Arlington County officials said yesterday that they would attempt to resurrect an affordable housing development program in the wake of a judge's decision eviscerating the effort.
The County Board, responding to what they said is a growing crisis, had been asking developers of residential buildings to set aside voluntarily at least 10 percent of floor space for affordable housing. Board members similarly asked developers of office buildings to volunteer to make substantial monetary contributions.
Friday, Arlington Circuit Judge Joanne F. Alper issued a ruling finding that those requests were in fact requirements, and that as a result, the county had exceeded its legal authority under state law.
"I'm disappointed," board Chairman Barbara A. Favola (D) said yesterday. "There's a lot at stake here."
John G. "Chip" Dicks, who represented a property owner in the case, Kansas-Lincoln LC, the Northern Virginia Apartment Association and the Apartment and Office Building Association of Metropolitan Washington, said, "We felt the Arlington County Board had overstepped their bounds and detrimentally affected our members who own property in Arlington County."

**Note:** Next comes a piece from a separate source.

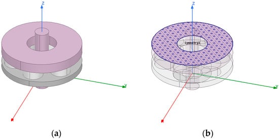 Finite element simulation model of the electromagnetic damper: (a) Simplified model; (b) Central cross section of the stator disk.
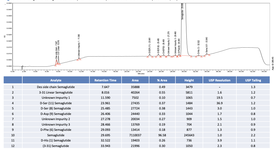 Assay 조건에서 8종 known impurity와 3종 unknown impurity가 Semaglutide(29.7분)로부터 모두 분리됩니다. 45분 gradient로도 충분한 선택성을 제공합니다.

He added: "We're pleased that the judge agreed with our assessment. At the same time we recognize that this doesn't solve the problem of affordable housing in the area."
Arlington, like much of the rest of the Washington area, suffers a lack of moderately-priced homes, a shortage that has grown worse with the boom in real estate prices during the past five years. The county has lost more than 5,000 affordable apartments in recent years, mostly because of rising rents.
To qualify to live in one of those dwellings, residents can make no more than $52,200 a year for a family of four.
Fairfax, Loudoun and Montgomery counties have programs similar to the one struck down in Arlington. But lawyers on both sides said those programs probably are not vulnerable to similar lawsuits. Montgomery's initiative is subject to different state laws; Loudoun and Fairfax apply their affordable housing requirements in a different manner than did Arlington.
"My belief is that this is not applicable to what Fairfax County and Loudoun County are doing," Dicks said.
The case involved Kansas-Lincoln's property between Kansas and Lincoln streets near the Virginia Square-GMU Metro station.
The county's plan envisions two buildings on the property: a 13-story building and a nine-story building.
But the county's zoning for the property permits buildings of no more than five stories.
To build the project to the maximum allowed in the plan, the developer would have had to undergo the process in which the county applied its guidelines for affordable housing contributions.